** What you need to do **
Repeat every line of the data exactly, but not the pictures.

Stored dataset items:
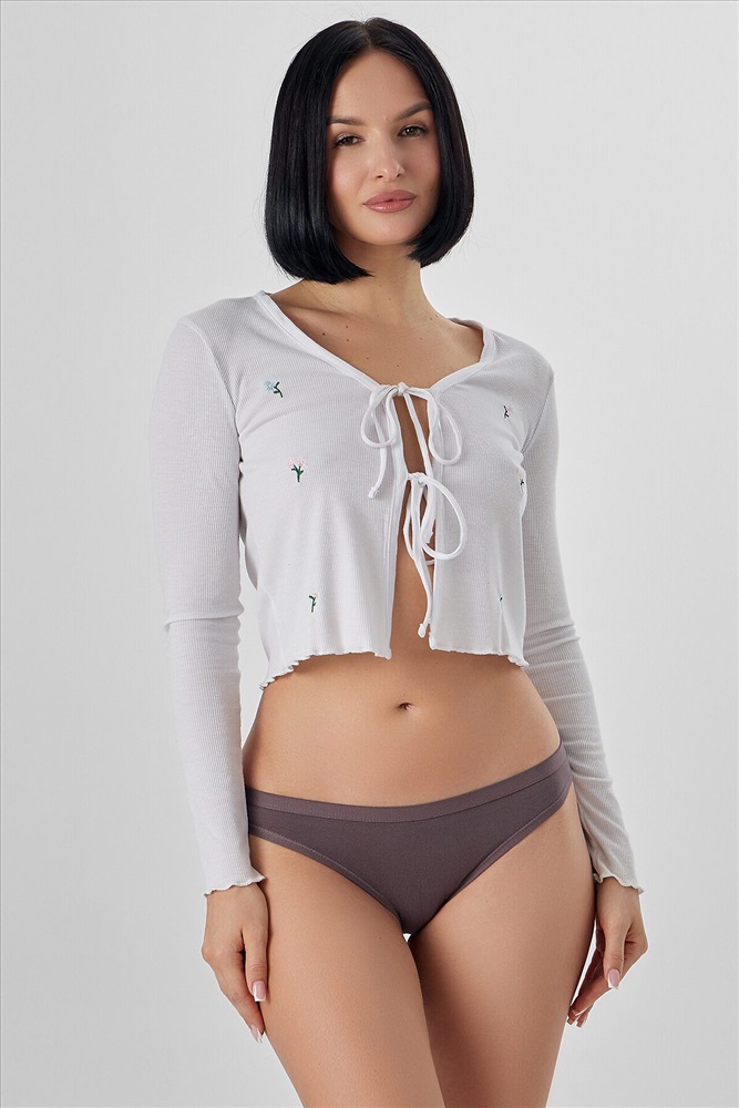 ID товара: 1224679 Состав: 92% Хлопок; 8% Эластан Сезон: Демисезон Посадка: Средняя Основная ткань: Хлопок Модель трусов: Слип-бикини Уход: Деликатная стирка при 30 градусах Фактура материала: Кулирное полотно Страна бренда: Беларусь Страна производства: Беларусь Трусы женские со средней посадкой силуэта «слип» из трикотажного кулирного полотна. Узкий бочок. Передняя и задняя детали цельные. Подкладка ластовицы из кулирного полотна отлетная по переднему краю. По верхнему срезу настрочена жаккардовая эл тесьма 15 мм (тесьма жаккард MF D-4, код JT22-15). Нижние срезы окантованы узкой бейкой (20 мм) из основного полотна в 2 сложения с узким верхним застилом (нить текстура №90). Комментарии к товару
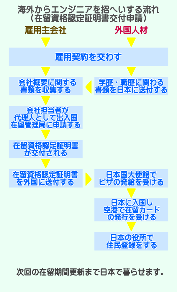 人感センサーライトを製造するA社は、新しい技術を取り入れた製品開発のためにエンジニアを募集しましたが、一向に応募がありませんでした。人材紹介会社に依頼するとベトナム人エンジニアを紹介してくれました。WEBでベトナム人を面接すると、日本語コミュニケーション能力以外のスペックはA社が求める人材でしたので採用することになりました。A社人事担当者が代理人となり、出入国在留管理局に在留資格認定証明書交付申請をしたところ、一か月ほどで証明書が交付されました。証明書をベトナム人のもとに送り、それを持って日本国政府査証を得たベトナム人は来日し、A社で商品デザインや配線の設計業務に就きました。
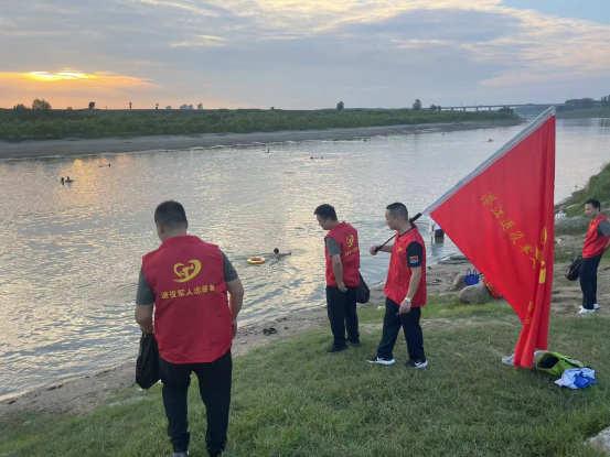 最后,组织部分退役军人党员前往东荆河开展环境卫生清理和夏季防溺水义务巡查。退役军人志愿者们用实际行动参与到“水乡园林精致之城”共建共享活动中,弘扬和传承兵心不改、初心不忘的军人本色。
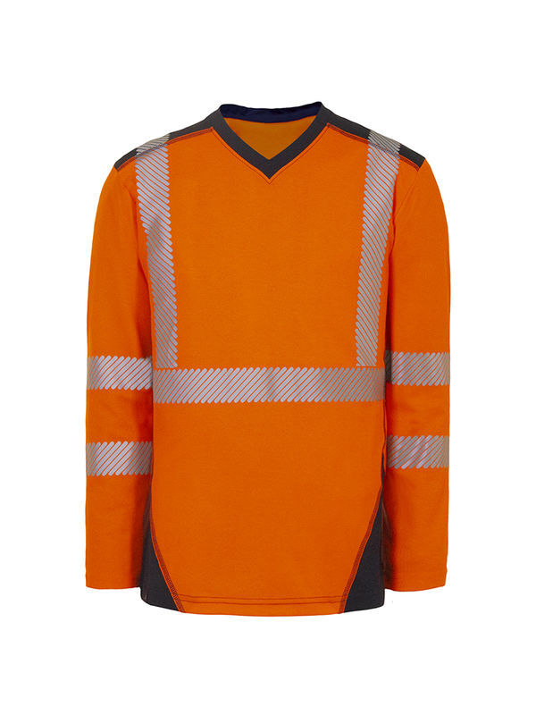 T-shirt haute visibilité. Col V avec bande de propreté. Manches longues ourlées. Maille ajourée sous les bras. Empiècements contrastés sur les épaules et au bas du t-shirt. 2 bretelles, 2 brassards, 1 ceinture rétroréfléchissante microbilles segmentée RETHIOTEX® 26 250-01. Coupe cintrée
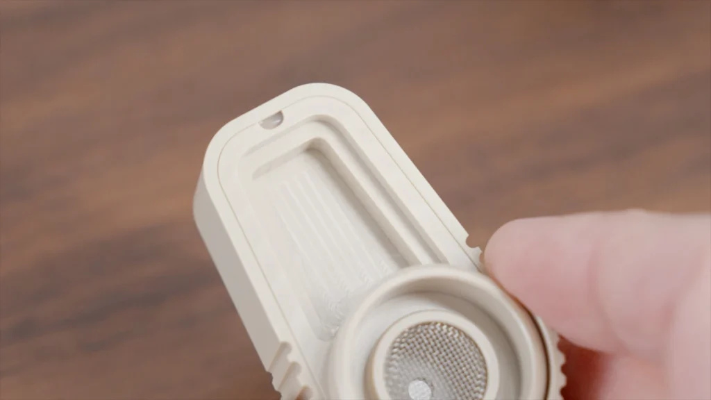 It has a unique design, with an exterior that’s made mostly from PEEK. It has one operation button, a screen with buttons at the bottom, and the mouthpiece on top. It’s a pretty hefty and bulky unit, and personally- I’m not a fan of the aesthetics. It’s slightly aggressive and not pleasant to touch.
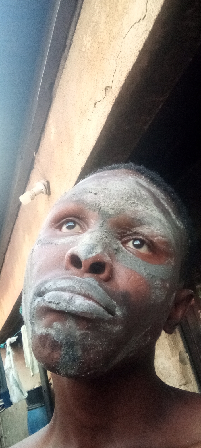 An adult male with dark skin and short dark hair is depicted in a close-up, upward-angled shot in Sabon Tasha, Nigeria. His face is largely covered with a light grey, textured substance, appearing to be a mask or ceremonial application. The substance is applied unevenly across his forehead, around his eyes, cheeks, nose, and lips, leaving parts of his natural skin tone visible, including a dark stubble on his chin and jawline. His dark eyes are open and gaze upwards and slightly to the viewer's right. No clothing is visible on his upper torso. The background consists of a light-colored, possibly concrete, wall exhibiting visible cracks. Attached to the wall in the upper left is a small, white, cylindrical fixture. Above the subject and the wall, a dark, rough-hewn wooden beam extends horizontally, casting a shadow. In the distant background, to the lower left, light-colored fabric (possibly laundry) is hanging, and a dark blue barrel or container is partially visible. The scene is illuminated by natural light, casting clear shadows, indicating daytime conditions.
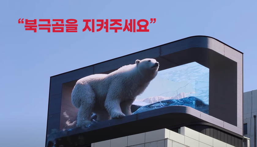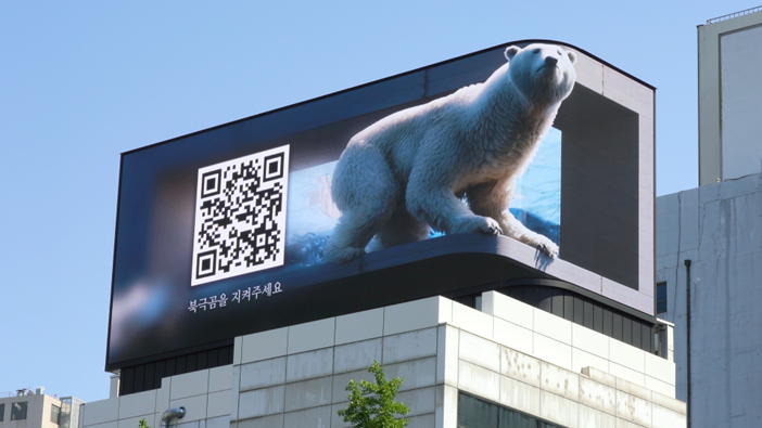 북극곰 아나몰픽 3D 영상은 HS애드 앰비언트 솔루션팀에서 수행한 1년여에 걸친 장기 프로젝트인 디지틀조선 신규 LED 전광판 제작 프로젝트의 한 부분으로 기획됐습니다. 앰비언트 솔루션팀에서는 기존의 평면 전광판을 리뉴얼하여 라운드형 LED 전광판으로 교체하는 공사를 진행했고, 완공된 LED 전광판을 옥외 광고 매체로 판매하여 광고를 집행했습니다.
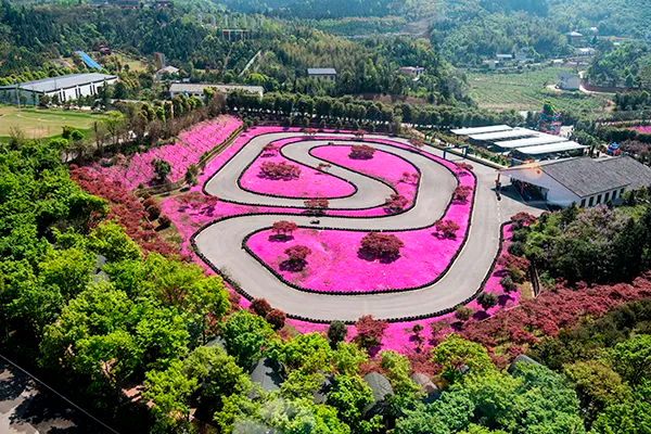 Xiangtan's Paragon Garden, a national 4A-level tourist attraction, is located at the core area of the Green Heart Zone of Changsha-Zhuzhou-Xiangtan City Cluster. Its forest coverage rate reaches over 95%, making it a rare natural oxygen bar in urban areas. Covering an area of 3.5 square meters, the scenic spot pursues green ecology and integrates forest tours, flower-admiring tours, leisure travel, cultural experience, and themed park trips. The tourist attraction is composed of four parts for flower-admiring, family tour, outdoor training, and study tour. There are nine flower appreciation areas featuring cherry blossoms, azalea flowers, lotus flowers, Eupatorium fortune, camellia, rose, wisteria, moss pink, and Chinese peony, and five theme parks highlighting flowers, bonsais, vegetables, farming culture, and grapes.
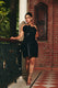 A striking black one-piece gown crafted in textured fabric, featuring a sculpted corset-style bodice adorned with floral embellishments and a sleek, straight-cut silhouette for an elegant finish.
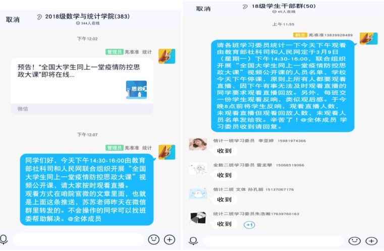 3月9日下午,按照学校“疫情防控思政大课”收看要求,我院认真组织全体本科生和研究生按时收看由教育部社会科学司与人民网联合组织的 “全国大学生同上一堂疫情防控思政大课”在线直播。“疫情防控思政大课”主要解读以习近平同志为核心的党中央关于疫情防控的决策部署,讲述防疫战疫一线感人故事,发挥高校思政课落实立德树人根本任务的关键课程作用。来自清华大学、中国人民大学、北京师范大学和中央财经大学的四位顶级名师在战“疫”特殊时期“云”授课,与广大学子们共同研讨疫情大考告诉了我们什么、战“疫”青年有怎样的责任和担当等话题。同学们观看后,纷纷总结学习心得,交流疫情期间的感受体会。

** Finished task **
 ID товара: 1224679 Состав: 92% Хлопок; 8% Эластан Сезон: Демисезон Посадка: Средняя Основная ткань: Хлопок Модель трусов: Слип-бикини Уход: Деликатная стирка при 30 градусах Фактура материала: Кулирное полотно Страна бренда: Беларусь Страна производства: Беларусь Трусы женские со средней посадкой силуэта «слип» из трикотажного кулирного полотна. Узкий бочок. Передняя и задняя детали цельные. Подкладка ластовицы из кулирного полотна отлетная по переднему краю. По верхнему срезу настрочена жаккардовая эл тесьма 15 мм (тесьма жаккард MF D-4, код JT22-15). Нижние срезы окантованы узкой бейкой (20 мм) из основного полотна в 2 сложения с узким верхним застилом (нить текстура №90). Комментарии к товару
 人感センサーライトを製造するA社は、新しい技術を取り入れた製品開発のためにエンジニアを募集しましたが、一向に応募がありませんでした。人材紹介会社に依頼するとベトナム人エンジニアを紹介してくれました。WEBでベトナム人を面接すると、日本語コミュニケーション能力以外のスペックはA社が求める人材でしたので採用することになりました。A社人事担当者が代理人となり、出入国在留管理局に在留資格認定証明書交付申請をしたところ、一か月ほどで証明書が交付されました。証明書をベトナム人のもとに送り、それを持って日本国政府査証を得たベトナム人は来日し、A社で商品デザインや配線の設計業務に就きました。
 最后,组织部分退役军人党员前往东荆河开展环境卫生清理和夏季防溺水义务巡查。退役军人志愿者们用实际行动参与到“水乡园林精致之城”共建共享活动中,弘扬和传承兵心不改、初心不忘的军人本色。
 T-shirt haute visibilité. Col V avec bande de propreté. Manches longues ourlées. Maille ajourée sous les bras. Empiècements contrastés sur les épaules et au bas du t-shirt. 2 bretelles, 2 brassards, 1 ceinture rétroréfléchissante microbilles segmentée RETHIOTEX® 26 250-01. Coupe cintrée
 It has a unique design, with an exterior that’s made mostly from PEEK. It has one operation button, a screen with buttons at the bottom, and the mouthpiece on top. It’s a pretty hefty and bulky unit, and personally- I’m not a fan of the aesthetics. It’s slightly aggressive and not pleasant to touch.
 An adult male with dark skin and short dark hair is depicted in a close-up, upward-angled shot in Sabon Tasha, Nigeria. His face is largely covered with a light grey, textured substance, appearing to be a mask or ceremonial application. The substance is applied unevenly across his forehead, around his eyes, cheeks, nose, and lips, leaving parts of his natural skin tone visible, including a dark stubble on his chin and jawline. His dark eyes are open and gaze upwards and slightly to the viewer's right. No clothing is visible on his upper torso. The background consists of a light-colored, possibly concrete, wall exhibiting visible cracks. Attached to the wall in the upper left is a small, white, cylindrical fixture. Above the subject and the wall, a dark, rough-hewn wooden beam extends horizontally, casting a shadow. In the distant background, to the lower left, light-colored fabric (possibly laundry) is hanging, and a dark blue barrel or container is partially visible. The scene is illuminated by natural light, casting clear shadows, indicating daytime conditions.
 북극곰 아나몰픽 3D 영상은 HS애드 앰비언트 솔루션팀에서 수행한 1년여에 걸친 장기 프로젝트인 디지틀조선 신규 LED 전광판 제작 프로젝트의 한 부분으로 기획됐습니다. 앰비언트 솔루션팀에서는 기존의 평면 전광판을 리뉴얼하여 라운드형 LED 전광판으로 교체하는 공사를 진행했고, 완공된 LED 전광판을 옥외 광고 매체로 판매하여 광고를 집행했습니다.
 Xiangtan's Paragon Garden, a national 4A-level tourist attraction, is located at the core area of the Green Heart Zone of Changsha-Zhuzhou-Xiangtan City Cluster. Its forest coverage rate reaches over 95%, making it a rare natural oxygen bar in urban areas. Covering an area of 3.5 square meters, the scenic spot pursues green ecology and integrates forest tours, flower-admiring tours, leisure travel, cultural experience, and themed park trips. The tourist attraction is composed of four parts for flower-admiring, family tour, outdoor training, and study tour. There are nine flower appreciation areas featuring cherry blossoms, azalea flowers, lotus flowers, Eupatorium fortune, camellia, rose, wisteria, moss pink, and Chinese peony, and five theme parks highlighting flowers, bonsais, vegetables, farming culture, and grapes.
 A striking black one-piece gown crafted in textured fabric, featuring a sculpted corset-style bodice adorned with floral embellishments and a sleek, straight-cut silhouette for an elegant finish.
 3月9日下午,按照学校“疫情防控思政大课”收看要求,我院认真组织全体本科生和研究生按时收看由教育部社会科学司与人民网联合组织的 “全国大学生同上一堂疫情防控思政大课”在线直播。“疫情防控思政大课”主要解读以习近平同志为核心的党中央关于疫情防控的决策部署,讲述防疫战疫一线感人故事,发挥高校思政课落实立德树人根本任务的关键课程作用。来自清华大学、中国人民大学、北京师范大学和中央财经大学的四位顶级名师在战“疫”特殊时期“云”授课,与广大学子们共同研讨疫情大考告诉了我们什么、战“疫”青年有怎样的责任和担当等话题。同学们观看后,纷纷总结学习心得,交流疫情期间的感受体会。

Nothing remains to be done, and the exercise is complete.